Thursday, October 23, 2014

Ryan K. Smith's "Robert Morris's Folly"

Ryan K. Smith is associate professor of history, Virginia Commonwealth University.

He applied the “Page 99 Test” to his new book, Robert Morris's Folly: The Architectural and Financial Failures of an American Founder, and reported the following:
Page 99 of Robert Morris’s Folly starts with a letter written by an American woman in London, who was requesting details on a fantastic house she had heard about under construction in Philadelphia. In 1794 – just before the project began going badly – she wrote,
“Mr. Morris is building a palace, do you think Monsieur l’Enfant would send me a drawing of it? Merely from curiosity, for one wishes to see the plan of a house which it is said, will cost, when finished £40,000 Sterling.” This figure translated to nearly $200,000, at a time when Philadelphia laborers earned perhaps $300 yearly and could rent a small brick dwelling for under $80 a year.
The page then follows through with the ramifications of this particular bit of gossip as it circulated. In the letter’s query, the house was tied directly to its patron, the wealthy “financier of the American Revolution,” Robert Morris, and his storied architect, Major Peter [Pierre] C. L’Enfant.
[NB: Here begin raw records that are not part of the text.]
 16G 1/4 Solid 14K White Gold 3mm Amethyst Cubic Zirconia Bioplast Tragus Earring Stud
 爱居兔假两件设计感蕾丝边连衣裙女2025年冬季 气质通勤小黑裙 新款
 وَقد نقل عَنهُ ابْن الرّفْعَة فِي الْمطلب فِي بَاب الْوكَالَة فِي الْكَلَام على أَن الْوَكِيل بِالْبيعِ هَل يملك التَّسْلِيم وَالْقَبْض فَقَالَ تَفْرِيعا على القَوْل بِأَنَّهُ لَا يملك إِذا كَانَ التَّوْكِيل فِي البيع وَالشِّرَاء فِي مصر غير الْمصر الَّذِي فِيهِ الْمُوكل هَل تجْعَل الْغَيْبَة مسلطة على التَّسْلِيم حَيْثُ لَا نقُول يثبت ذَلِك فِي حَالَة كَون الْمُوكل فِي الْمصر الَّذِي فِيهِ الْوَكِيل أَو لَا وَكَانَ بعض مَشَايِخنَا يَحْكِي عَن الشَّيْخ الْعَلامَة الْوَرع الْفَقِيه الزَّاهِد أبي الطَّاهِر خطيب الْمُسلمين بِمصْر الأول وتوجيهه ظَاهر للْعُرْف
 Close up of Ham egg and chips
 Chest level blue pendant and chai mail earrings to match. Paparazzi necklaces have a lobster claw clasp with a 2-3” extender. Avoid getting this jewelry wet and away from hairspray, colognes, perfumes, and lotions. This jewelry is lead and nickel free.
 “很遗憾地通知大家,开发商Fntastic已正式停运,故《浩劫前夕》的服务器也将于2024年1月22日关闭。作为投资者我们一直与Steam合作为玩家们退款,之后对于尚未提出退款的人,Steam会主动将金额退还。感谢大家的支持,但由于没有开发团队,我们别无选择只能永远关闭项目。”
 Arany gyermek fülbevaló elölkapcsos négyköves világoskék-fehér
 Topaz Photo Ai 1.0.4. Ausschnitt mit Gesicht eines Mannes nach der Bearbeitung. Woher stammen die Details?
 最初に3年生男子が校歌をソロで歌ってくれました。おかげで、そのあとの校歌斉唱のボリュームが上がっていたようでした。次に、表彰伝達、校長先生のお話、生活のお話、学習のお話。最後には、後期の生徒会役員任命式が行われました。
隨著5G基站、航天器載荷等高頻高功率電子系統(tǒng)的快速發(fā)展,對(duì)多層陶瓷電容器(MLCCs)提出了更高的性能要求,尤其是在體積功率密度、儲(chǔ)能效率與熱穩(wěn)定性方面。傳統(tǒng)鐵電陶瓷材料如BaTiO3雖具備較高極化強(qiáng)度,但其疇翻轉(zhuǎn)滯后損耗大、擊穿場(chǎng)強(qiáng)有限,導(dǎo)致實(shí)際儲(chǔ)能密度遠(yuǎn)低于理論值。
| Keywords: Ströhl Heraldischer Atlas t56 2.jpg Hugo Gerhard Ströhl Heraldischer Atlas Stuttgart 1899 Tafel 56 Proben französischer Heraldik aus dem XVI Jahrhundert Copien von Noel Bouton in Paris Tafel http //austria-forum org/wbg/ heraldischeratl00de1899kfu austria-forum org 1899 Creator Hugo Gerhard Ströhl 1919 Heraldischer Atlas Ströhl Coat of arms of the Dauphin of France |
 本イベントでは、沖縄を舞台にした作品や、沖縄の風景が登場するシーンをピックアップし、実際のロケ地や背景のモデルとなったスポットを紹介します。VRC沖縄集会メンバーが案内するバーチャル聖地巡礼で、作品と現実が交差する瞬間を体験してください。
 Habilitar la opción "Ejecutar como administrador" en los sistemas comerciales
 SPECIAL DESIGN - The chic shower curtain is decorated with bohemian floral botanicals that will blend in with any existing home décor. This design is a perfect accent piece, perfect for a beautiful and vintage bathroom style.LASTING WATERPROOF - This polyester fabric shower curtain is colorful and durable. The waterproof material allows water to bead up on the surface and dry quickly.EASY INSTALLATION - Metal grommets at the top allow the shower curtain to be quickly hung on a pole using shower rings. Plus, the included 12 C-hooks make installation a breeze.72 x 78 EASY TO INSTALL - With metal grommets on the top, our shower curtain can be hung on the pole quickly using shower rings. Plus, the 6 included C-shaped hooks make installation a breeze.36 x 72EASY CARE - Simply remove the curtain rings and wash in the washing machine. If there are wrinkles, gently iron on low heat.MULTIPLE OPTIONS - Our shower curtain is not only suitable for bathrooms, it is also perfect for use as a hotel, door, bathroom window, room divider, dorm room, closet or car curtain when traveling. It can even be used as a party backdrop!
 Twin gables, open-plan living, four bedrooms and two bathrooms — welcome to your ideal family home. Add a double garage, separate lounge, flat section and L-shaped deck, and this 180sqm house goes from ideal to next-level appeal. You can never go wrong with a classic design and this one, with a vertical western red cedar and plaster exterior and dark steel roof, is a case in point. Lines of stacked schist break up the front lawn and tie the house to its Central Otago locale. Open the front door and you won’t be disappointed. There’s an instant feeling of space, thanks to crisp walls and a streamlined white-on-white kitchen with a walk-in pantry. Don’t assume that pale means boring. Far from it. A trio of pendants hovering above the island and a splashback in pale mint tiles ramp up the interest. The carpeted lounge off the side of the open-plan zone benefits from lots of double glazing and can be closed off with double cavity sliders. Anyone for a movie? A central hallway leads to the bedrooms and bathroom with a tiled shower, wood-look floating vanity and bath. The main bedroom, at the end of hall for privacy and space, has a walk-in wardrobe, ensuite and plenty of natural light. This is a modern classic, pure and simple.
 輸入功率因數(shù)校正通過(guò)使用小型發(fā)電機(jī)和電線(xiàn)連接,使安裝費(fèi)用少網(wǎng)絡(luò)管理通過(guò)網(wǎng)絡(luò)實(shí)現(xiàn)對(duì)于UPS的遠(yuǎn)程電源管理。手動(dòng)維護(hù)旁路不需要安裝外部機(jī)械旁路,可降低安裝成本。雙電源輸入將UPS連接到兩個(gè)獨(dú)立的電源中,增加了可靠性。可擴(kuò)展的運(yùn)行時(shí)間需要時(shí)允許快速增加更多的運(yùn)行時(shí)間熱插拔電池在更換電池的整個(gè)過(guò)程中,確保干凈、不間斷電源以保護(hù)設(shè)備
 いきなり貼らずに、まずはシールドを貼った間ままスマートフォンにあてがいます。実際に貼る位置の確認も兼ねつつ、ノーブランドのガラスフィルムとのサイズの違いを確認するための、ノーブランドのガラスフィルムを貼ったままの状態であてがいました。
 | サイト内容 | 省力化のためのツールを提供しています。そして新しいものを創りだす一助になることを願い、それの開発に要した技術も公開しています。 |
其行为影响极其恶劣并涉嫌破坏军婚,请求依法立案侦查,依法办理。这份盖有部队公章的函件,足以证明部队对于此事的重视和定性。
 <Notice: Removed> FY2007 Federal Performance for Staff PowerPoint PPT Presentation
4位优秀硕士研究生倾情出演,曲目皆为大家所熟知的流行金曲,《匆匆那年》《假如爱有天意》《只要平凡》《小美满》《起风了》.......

Aside from the sheer enormity of the rumored cost of the house, it was a peculiar thing to call an American house a “palace” – a residence for a king or aristocrat, certainly not a citizen of the new American republic. As a line down the page states, this wealthy woman “seemed mildly entertained by the idea, but what of, say, members of the Philadelphia militia companies?” Or other laboring residents?

At the end of the page, the story shifts to related happenings that summer in London, including Morris’s friend John Jay’s arrival as part of treaty negotiations with Britain, and also a lover’s scandal there involving one of Morris’s sons. It all points up to Morris’s many follies – his oncoming public humiliations and entrance into debtor’s prison.

So I do think page 99 is representative. The book is an “architectural biography,” showing how politics, finance, and art intertwined in the life of a key figure in the early American nation. And I think the story has an uncanny resonance today.